Search code examples
spatstat

'spatstat' package: Fitting cluster process models


I have several questions regarding fitting cluster process models using the spatstat package, to solve a problem I am working on.

  1. Is there a recommended minimum sample size consideration when fitting a cluster process model to get reliable estimates for the model parameters?

  2. If it is known that the point pattern is inhomogeneous and the intensity varies with x and y, is it correct to include x and y as an interaction term in the model? In my scenario I think a modified Thomas model would be ideal. So will the following be correct in implementing this?

kppm(ppdata ~ x*y, clusters ="Thomas", method = "palm", statistic = "Kinhom")

Although cluster intensity and sibling probability change in using this, the scale parameter was estimated as the same value as the homogenous case below.

kppm(ppdata ~ 1, clusters ="Thomas", method = "palm", statistic = "K")

Thanks in advance!


Solution

  • Is there a recommended minimum sample size consideration when fitting a cluster process model to get reliable estimates for the model parameters?

    This is a topic of current research. The answer depends on the strength and range of clustering (as well as on the definition of "reliable" estimates). Most of the standard test case examples contain 100 to 200 points.

    If it is known that the point pattern is inhomogeneous and the intensity varies with x and y, is it correct to include x and y as an interaction term in the model? In my scenario I think a modified Thomas model would be ideal. So will the following be correct in implementing this? kppm(ppdata ~ x*y, clusters ="Thomas", method = "palm", statistic = "Kinhom")

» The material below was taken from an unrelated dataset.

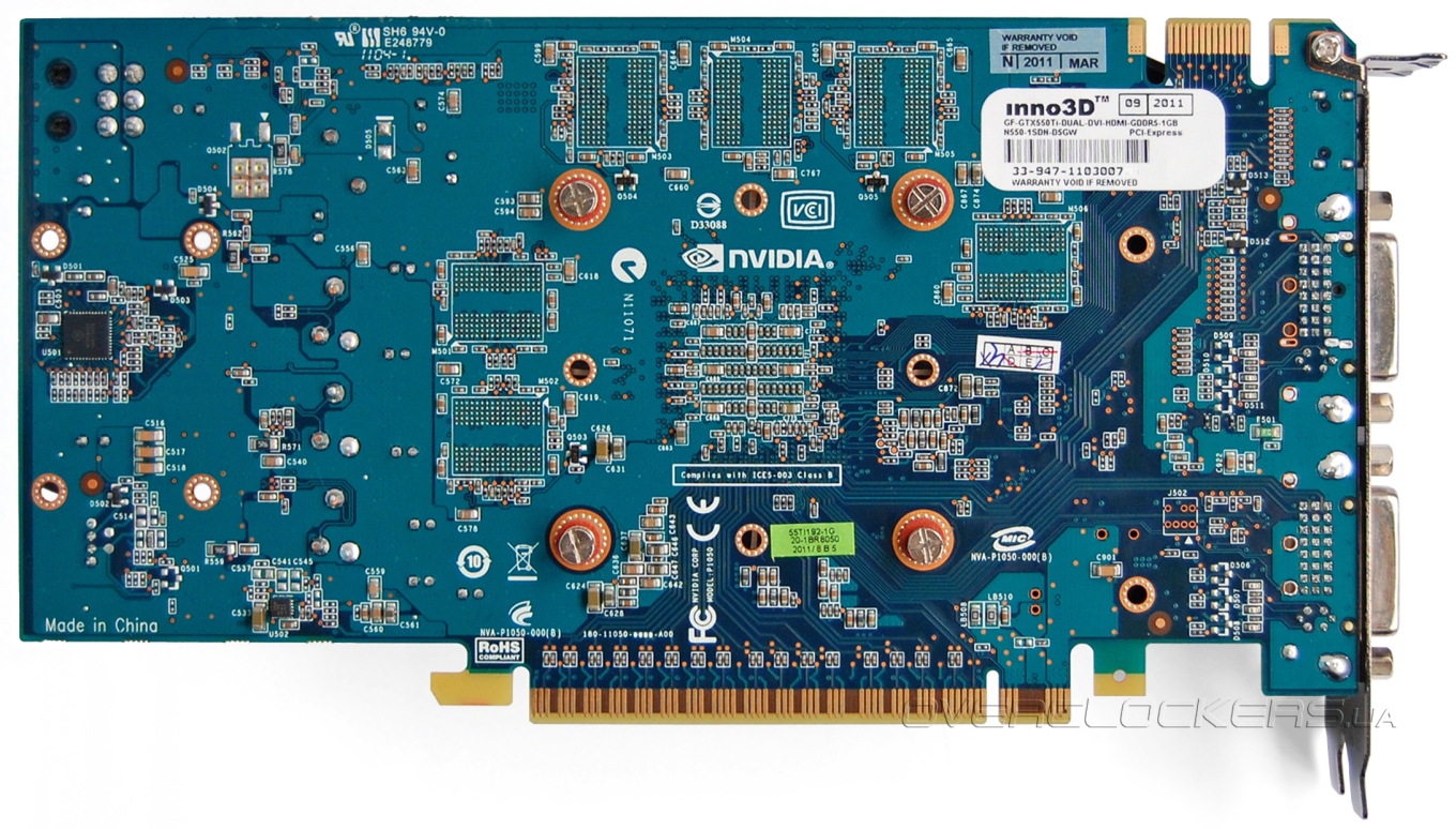 Печатная плата действительно не отличается от стандартного дизайна GeForce GTX 550 Ti и GeForce GTS 450.

    The argument statistic="Kinhom" is only relevant when method="mincontrast" and it is ignored when method="palm".

    In a formula, x*y means x + y + x:y. When the covariates x and y are numeric, x:y means xy. So the formula ppdata~x*y specifies that the intensity function takes the form lambda(x,y) = exp(a + bx + cy + dxy) where a,b,c,d are coefficients that will be estimated. If you're including the term xy you may as well include all the terms of order 2, using the formula ppdata~polynom(x,y,2) which specifies lambda(x,y) = exp(a + bx + cy + dxy + ex^2 + fy^2).

    In general terms, if the intensity depends on spatial location then you can either assume that the intensity follows a particular functional form (by specifying a model formula) or estimate the intensity nonparametrically, by kernel smoothing or similar methods. If there's no additional information about the form of the intensity then there's no right or wrong way to estimate it.

    You could alternatively use a nonparametric approach, first estimating the intensity by kernel smoothing (for example) as

      LambdaX <- density(ppdata, bw.ppp, at="points", leaveoneout=TRUE, positive=TRUE)
    

    Then

       K <- Kinhom(ppdata, LambdaX)
       M <- thomas.estK(K)
    

    Then M gives the fitted cluster parameters of the inhomogeneous Thomas process. Alternatively if you want to have a kppm object,

      Lambda <- density(ppdata, bw.ppp, positive=TRUE)
      M <- kppm(ppdata ~ offset(log(Lambda)), clusters="Thomas", method="palm")
    

    Finally a word of caution. In all of the above examples, a particular kind of inhomogeneity is assumed, which allows very convenient model-fitting. Simply knowing that the pattern is inhomogeneous does not guarantee that it has this particular, convenient type of inhomogeneity. For further information see Chapter 12 of the spatstat book.